▶ **Collected material**
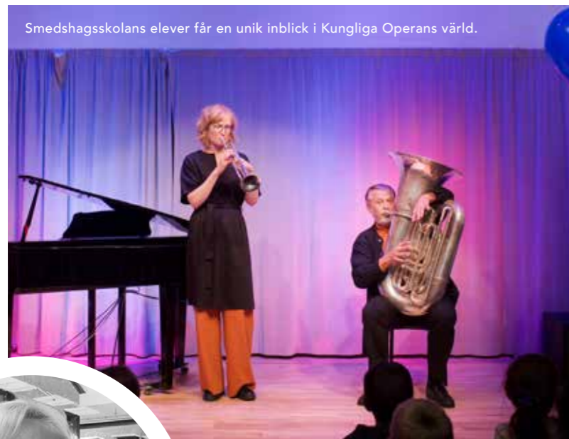
Smedshagsskolans elever får en unik inblick i Kungliga Operans värld.
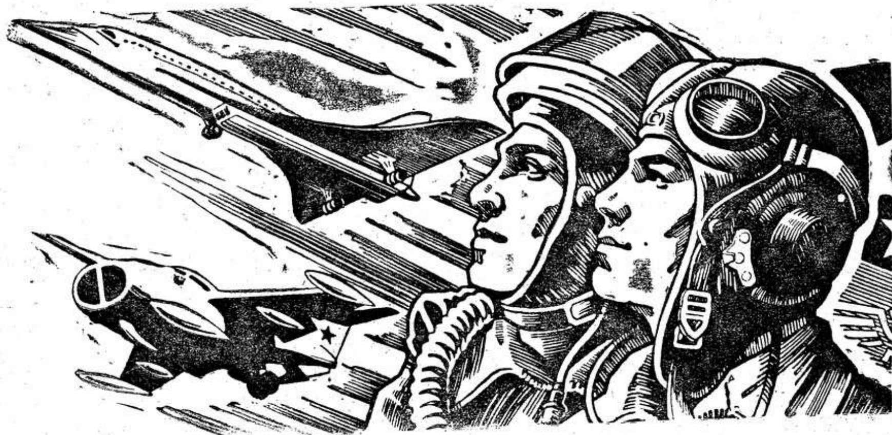
Рис. художника С. Гринько.
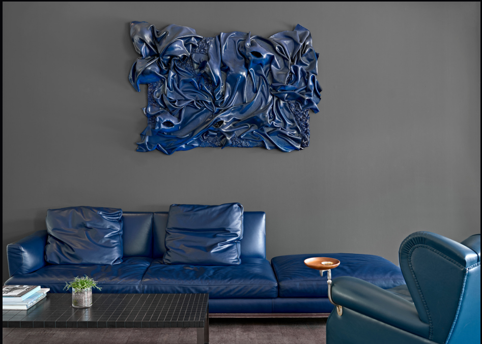
LEX ITALICA (LIM1- 2018) tetra-yarn, cement 175 x 120 cm

▶ **Work order**
Would you restate word for word only the lines from the one containing "Рис. художника С. Гринько." to the final line of the material, both ends included, without any pictures?

▶ **Answer**
Рис. художника С. Гринько.
LEX ITALICA (LIM1- 2018) tetra-yarn, cement 175 x 120 cm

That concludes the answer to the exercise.